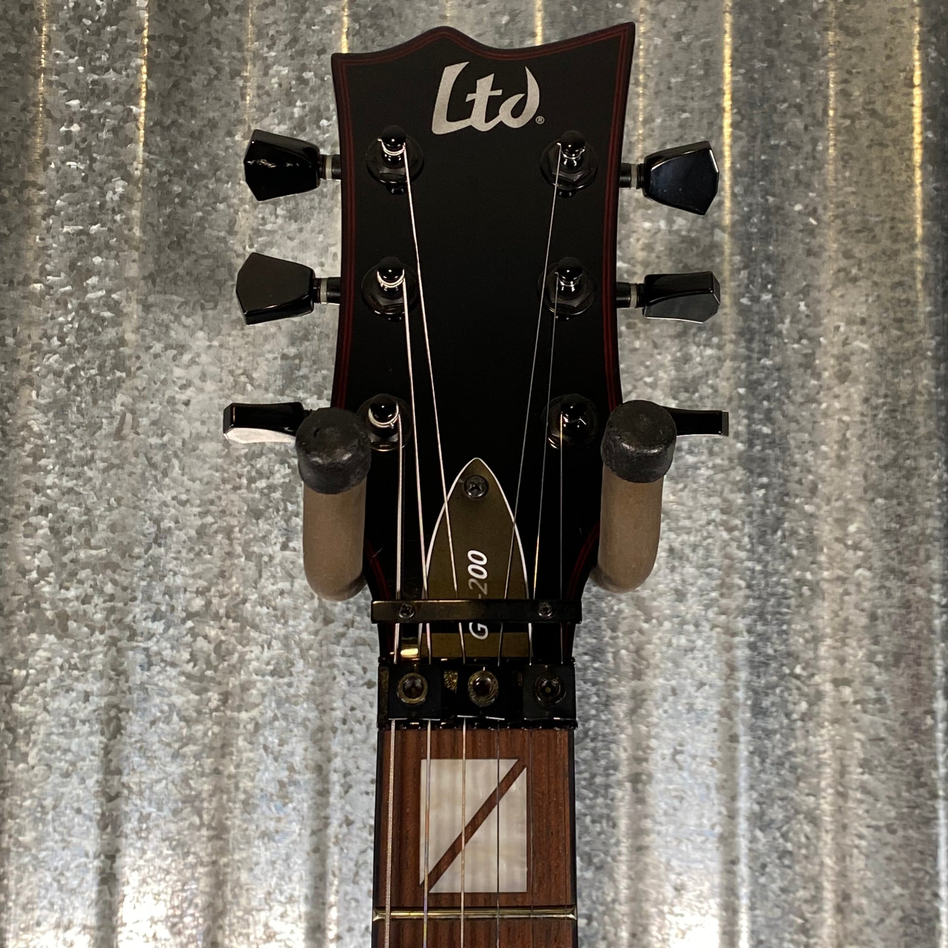 The LTD GH-200 represents the most affordable model in the Gary Holt Signature Series, but it packs a mean punch. It includes bolt-on construction, with a comfortable basswood body and a thin U-shaped maple neck, with a roasted jatoba fingerboard that gives you Gary's split rectangle inlay design and 22 extra-jumbo frets. The GH-200 also offers an ESP Designed LH-301 pickup set with red covers, a Floyd Rose Special bridge for your most outrageous leads, and red binding on the body and headstock to complete its menacing vibe. Available in Black finish.
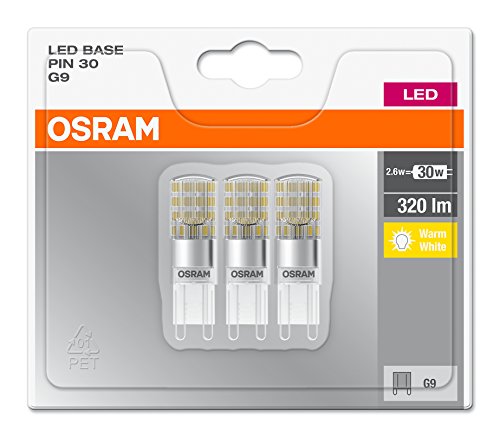 Osram LED Star pin G9/LED lampadina: G9, 2,60 W, 30 W di ricambio per, Trasparente, Bianco caldo, 2700 K, 3 pezzi
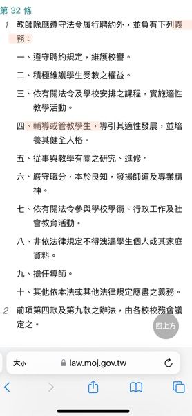 - 教師依法執行職務涉訟時,其服務學校應輔助其延聘律師為其辯護及提供法律上之協助。
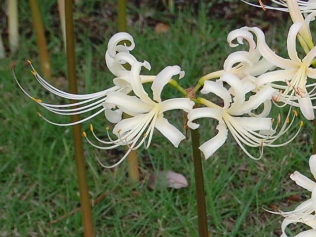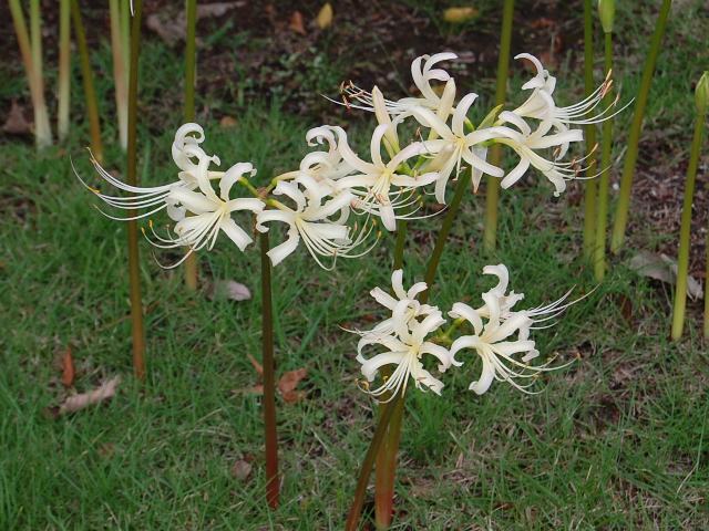 白花曼珠沙華(シロバナマンジュシャゲ)はヒガンバナ科ヒガンバナ属の多年草である。
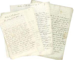 Très intéressante correspondance sur ses campagnes en Italie et en Égypte avec Bonaparte. [La sœur du comte de Guibert, Angélique de Guibert (1746-, avait épousé le comte de Pluvié ; leur fils Fortuné considéra la comtesse de Guibert comme sa mère adoptive, et l’appelle « ma bonne maman ».] Voyage de Paris à Lyon ; Venise et le lac de Garde ; les îles Borromées ; séjour à Milan. Rencontre avec JOSÉPHINE et BONAPARTE, qui lui parle avec admiration du comte de Guibert et le désigne comme secrétaire de légation à Gênes, auprès de FAIPOULT. Il semble alors se destiner à la carrière diplomatique (minute autographe d’une longue lettre à TALLEYRAND, évoquant le souvenir de Guibert). Séjour à Gênes, puis à Rome. Il se réjouit d’être appelé par Bonaparte pour participer à la campagne d’Égypte. En mai 1798, il est à Civitavecchia, prêt à embarquer pour l’Égypte avec MONGE et DESAIX. Relation de la traversée et de la prise de MALTE ; BONAPARTE le choisit alors comme aide-de-camp. La dernière lettre est écrite du Caire, « de retour de l’expédition de Syrie ». On joint 2 copies de lettres, dont une de la main de la comtesse de Guibert (et le brouillon d’une de ses réponses) ; une L.S. de TALLEYRAND concernant Fortuné PluviéGuibert, et 2 brouillons de lettres de Mme de Guibert à Talleyrand ; 6 lettres de Fortuné de Pluvié (le père), et divers documents (dont la copie par Fortuné Pluvié-Guibert de la notice de Mme de Guibert sur son mari)… Provenance : Archives du comte de GUIBERT (vente 14 octobre 1993, n° 76).

Problem to work on: Reproduce the records, all of them, word for word; omit the pictures.

Reply to the exercise:
 The LTD GH-200 represents the most affordable model in the Gary Holt Signature Series, but it packs a mean punch. It includes bolt-on construction, with a comfortable basswood body and a thin U-shaped maple neck, with a roasted jatoba fingerboard that gives you Gary's split rectangle inlay design and 22 extra-jumbo frets. The GH-200 also offers an ESP Designed LH-301 pickup set with red covers, a Floyd Rose Special bridge for your most outrageous leads, and red binding on the body and headstock to complete its menacing vibe. Available in Black finish.
 Osram LED Star pin G9/LED lampadina: G9, 2,60 W, 30 W di ricambio per, Trasparente, Bianco caldo, 2700 K, 3 pezzi
 - 教師依法執行職務涉訟時,其服務學校應輔助其延聘律師為其辯護及提供法律上之協助。
 白花曼珠沙華(シロバナマンジュシャゲ)はヒガンバナ科ヒガンバナ属の多年草である。
 Très intéressante correspondance sur ses campagnes en Italie et en Égypte avec Bonaparte. [La sœur du comte de Guibert, Angélique de Guibert (1746-, avait épousé le comte de Pluvié ; leur fils Fortuné considéra la comtesse de Guibert comme sa mère adoptive, et l’appelle « ma bonne maman ».] Voyage de Paris à Lyon ; Venise et le lac de Garde ; les îles Borromées ; séjour à Milan. Rencontre avec JOSÉPHINE et BONAPARTE, qui lui parle avec admiration du comte de Guibert et le désigne comme secrétaire de légation à Gênes, auprès de FAIPOULT. Il semble alors se destiner à la carrière diplomatique (minute autographe d’une longue lettre à TALLEYRAND, évoquant le souvenir de Guibert). Séjour à Gênes, puis à Rome. Il se réjouit d’être appelé par Bonaparte pour participer à la campagne d’Égypte. En mai 1798, il est à Civitavecchia, prêt à embarquer pour l’Égypte avec MONGE et DESAIX. Relation de la traversée et de la prise de MALTE ; BONAPARTE le choisit alors comme aide-de-camp. La dernière lettre est écrite du Caire, « de retour de l’expédition de Syrie ». On joint 2 copies de lettres, dont une de la main de la comtesse de Guibert (et le brouillon d’une de ses réponses) ; une L.S. de TALLEYRAND concernant Fortuné PluviéGuibert, et 2 brouillons de lettres de Mme de Guibert à Talleyrand ; 6 lettres de Fortuné de Pluvié (le père), et divers documents (dont la copie par Fortuné Pluvié-Guibert de la notice de Mme de Guibert sur son mari)… Provenance : Archives du comte de GUIBERT (vente 14 octobre 1993, n° 76).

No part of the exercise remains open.